## Exercise objective
Give all of the data below again exactly, and drop the images.

## Given data
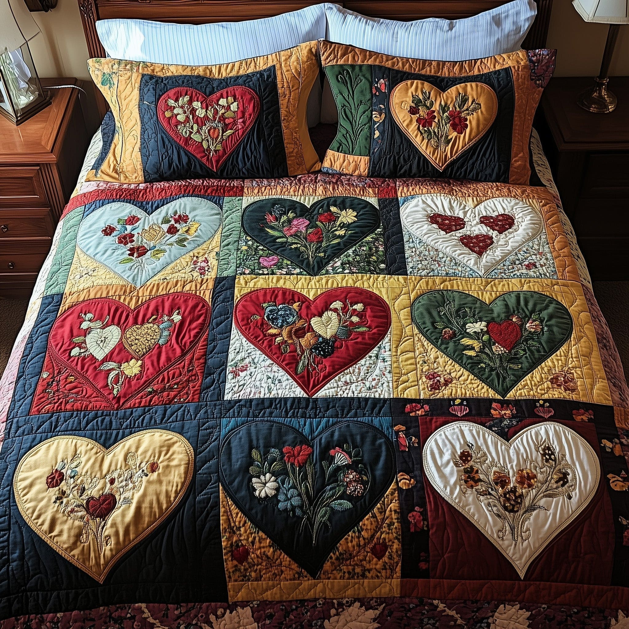 Rustic Bloom Heart Quilted Bedding Set Cute Bedroom Decor Sweet Heart Gift For Him
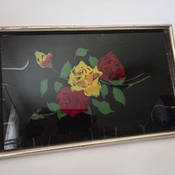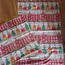 Ett set med diverse dukar, tre fyrkantiga "kaffedukar" med blommor och en broderad löpare. Löparen har en fläck, de tre övriga ser inte ens använda ut.
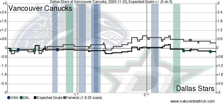 This game remained in the balance throughout. Vancouver did pretty well for themselves statistically, managing to hold the lion’s share of CF% through the first and second periods. Now, that didn’t result in a lead, but playing against a team like the Stars, it’s a pretty tidy accomplishment. It was solid, defensively astute hockey from both sides, as neither team really managed to generate too many high-danger scoring chances. The first saw a 1-1 split, the second was a 2-3 edge for Dallas, and a 4-3 lead in the third for the visitors as well. But, in the grand context of the game, it wasn’t as if that was particularly costly for the Canucks. It was a well-fought-out effort, and it is unfortunate that they came up short.
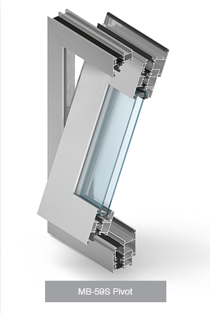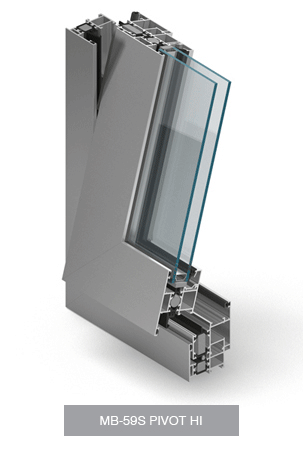 The MB-59S PIVOT system is designed for producing windows of vertical or horizontal rotation axis requiring thermal and acoustic insulation, economic structures, but also having good functional qualities. This type of windows is intended to be mounted both in brick wall openings and in mullion-transom facades.

## Reply
 Rustic Bloom Heart Quilted Bedding Set Cute Bedroom Decor Sweet Heart Gift For Him
 Ett set med diverse dukar, tre fyrkantiga "kaffedukar" med blommor och en broderad löpare. Löparen har en fläck, de tre övriga ser inte ens använda ut.
 This game remained in the balance throughout. Vancouver did pretty well for themselves statistically, managing to hold the lion’s share of CF% through the first and second periods. Now, that didn’t result in a lead, but playing against a team like the Stars, it’s a pretty tidy accomplishment. It was solid, defensively astute hockey from both sides, as neither team really managed to generate too many high-danger scoring chances. The first saw a 1-1 split, the second was a 2-3 edge for Dallas, and a 4-3 lead in the third for the visitors as well. But, in the grand context of the game, it wasn’t as if that was particularly costly for the Canucks. It was a well-fought-out effort, and it is unfortunate that they came up short.
 The MB-59S PIVOT system is designed for producing windows of vertical or horizontal rotation axis requiring thermal and acoustic insulation, economic structures, but also having good functional qualities. This type of windows is intended to be mounted both in brick wall openings and in mullion-transom facades.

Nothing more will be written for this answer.